- Born: 18 November 1914 Colombo Sri Lanka
- Education: Nalanda College Colombo
- Known for: Forensic pathologist

= W. D. L. Fernando =

Dr Warusahennadige David Lionel Fernando (known as W. D. L. Fernando or simply WDL) was a Forensic pathologist and Judicial Medical Officer (JMO) for Colombo.

==Early childhood==

Fernando was born in 1914 and schooled at Nalanda College Colombo passed his Senior Cambridge Certificate and gained entrance to Ceylon Medical College. Later he was qualified with honours in Medicine and Surgery with a Licenciate that was recognised as a registerable qualification with General Medical Council in the United Kingdom.

==Family life==

Fernando was married to Ethel and was father to only child Kamalani De Silva. He was the father in law of C. R. De Silva who was one time Attorney General and Solicitor General of Sri Lanka.

==Professional career==

Fernando having worked as a Government Medical Officer in various parts of Sri Lanka after graduation joined Colombo National Hospital as an Assistant Pathologist in early 1950s. Later he won a scholarship to University of Edinburgh and studied Medical Jurisprudence and trained under Sydney Smith. Then after obtaining Membership of Royal College of Physicians of Edinburgh worked with Professor John Glaister, Keith Simpson and Donald Teare at Guy's Hospital and St George's Hospital in United Kingdom. In 1953, Fernando returned and assumed duties as Assistant Judicial Medical Officer in Colombo. In 1956 he was appointed as Judicial Medical Officer (J.M.O) Colombo and held this position until his retirement in 1970.

==Cases==

Although Fernando was designated as J.M.O Colombo he was J.M.O Ceylon as his services were sought by Police and Courts all over the country in resolving complicated cases.

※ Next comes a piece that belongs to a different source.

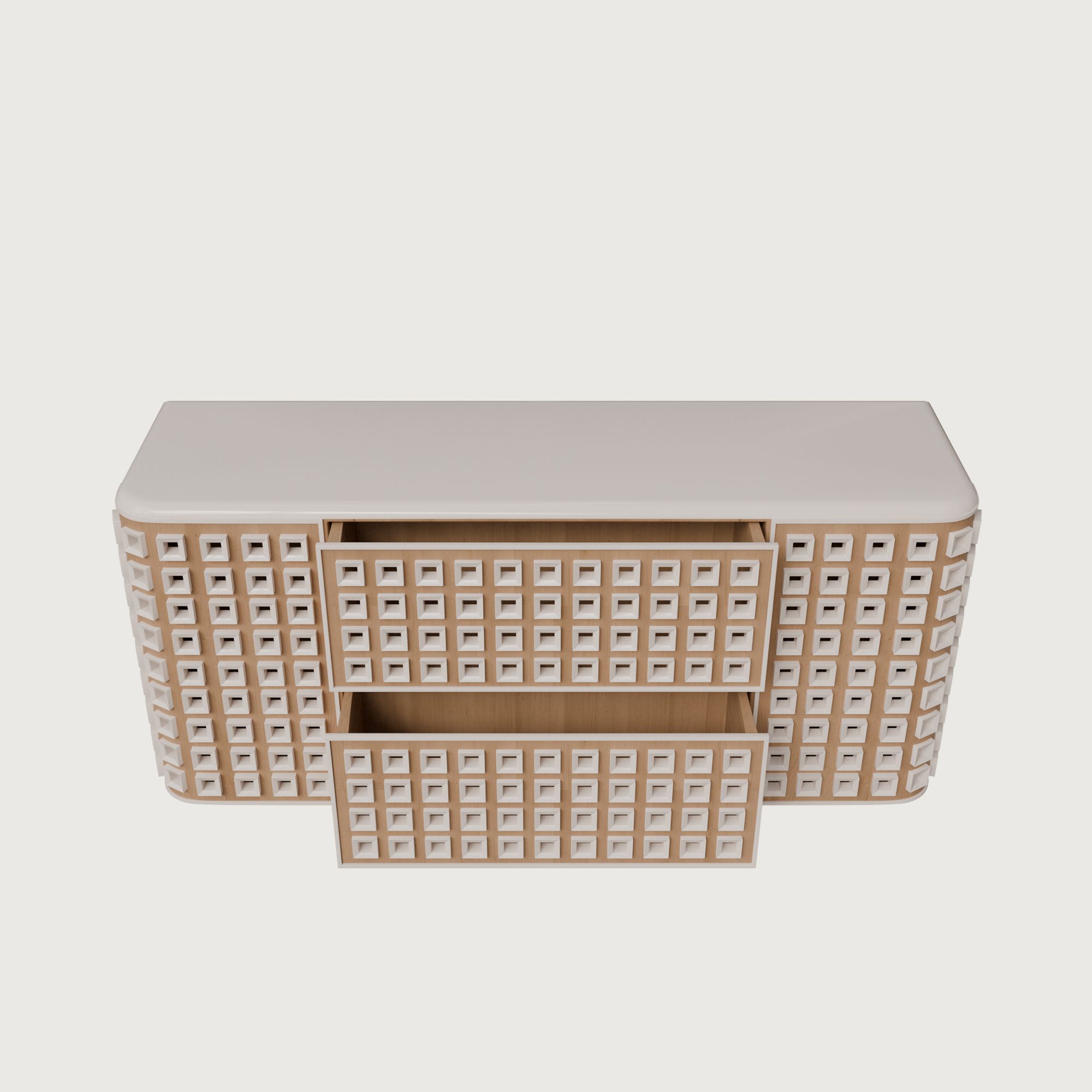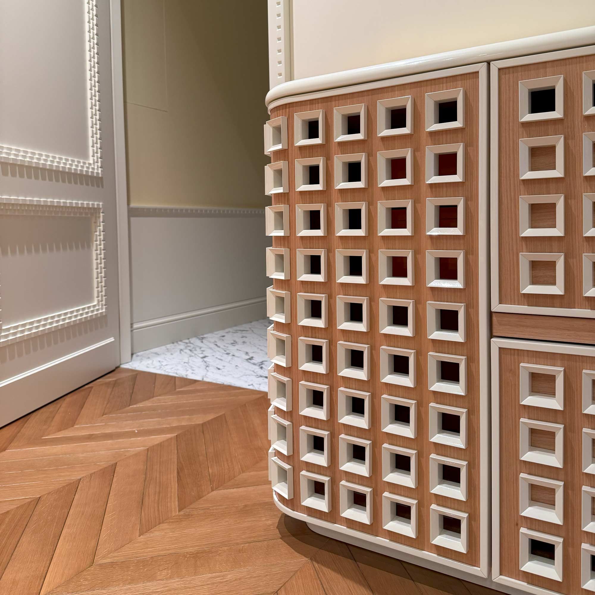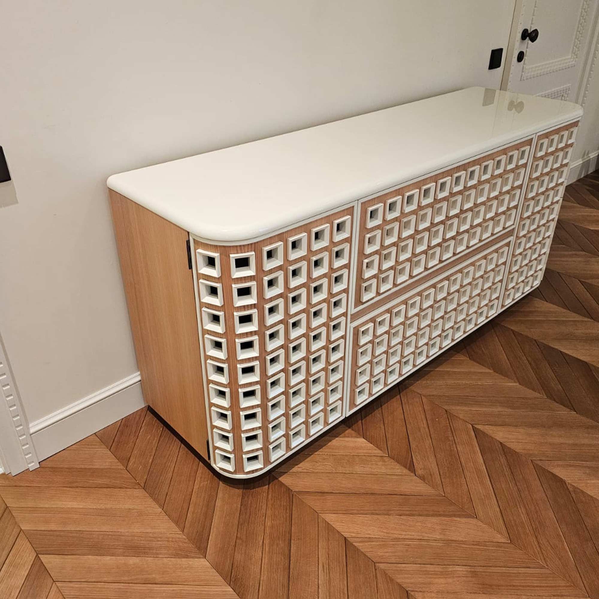 STARS выпускается в нескольких вариантах отделки: селективный шпон анегри или матовая эмаль на контрасте с глянцевым покрытием деталей. Это делает комод STARS выбором тех, кто ценит ремесленное искусство, надёжность и визуальную силу дизайна.

In 1953 together with Sir Sydney Smith, WDL examined the gunshot wounds on S. W. R. D. Bandaranaike before P. R. Anthonis began operating when Bandaranaike was assassinated.

In 1959 he was involved with post mortem of Anuradhapura Road Thimbiriwewa murder case (known as Wilpattu Murder). He played a vital role in convicting Alfred de Zoysa for the murder of A.K.D. Perera in Kalattawa jungle.

==Positions held==

Fernando was a founding member of the Ceylon College of Physicians, President of Sri Lanka Medical Association, President of the Medico-Legal Society, President of Ceylon Cancer Society, Vice President of Ceylon Medical Council, Vice President of Ceylon College of Physicians, Vice President of Organisation of Professional Associations and President of the Government Medical Officer's Association (GMOA).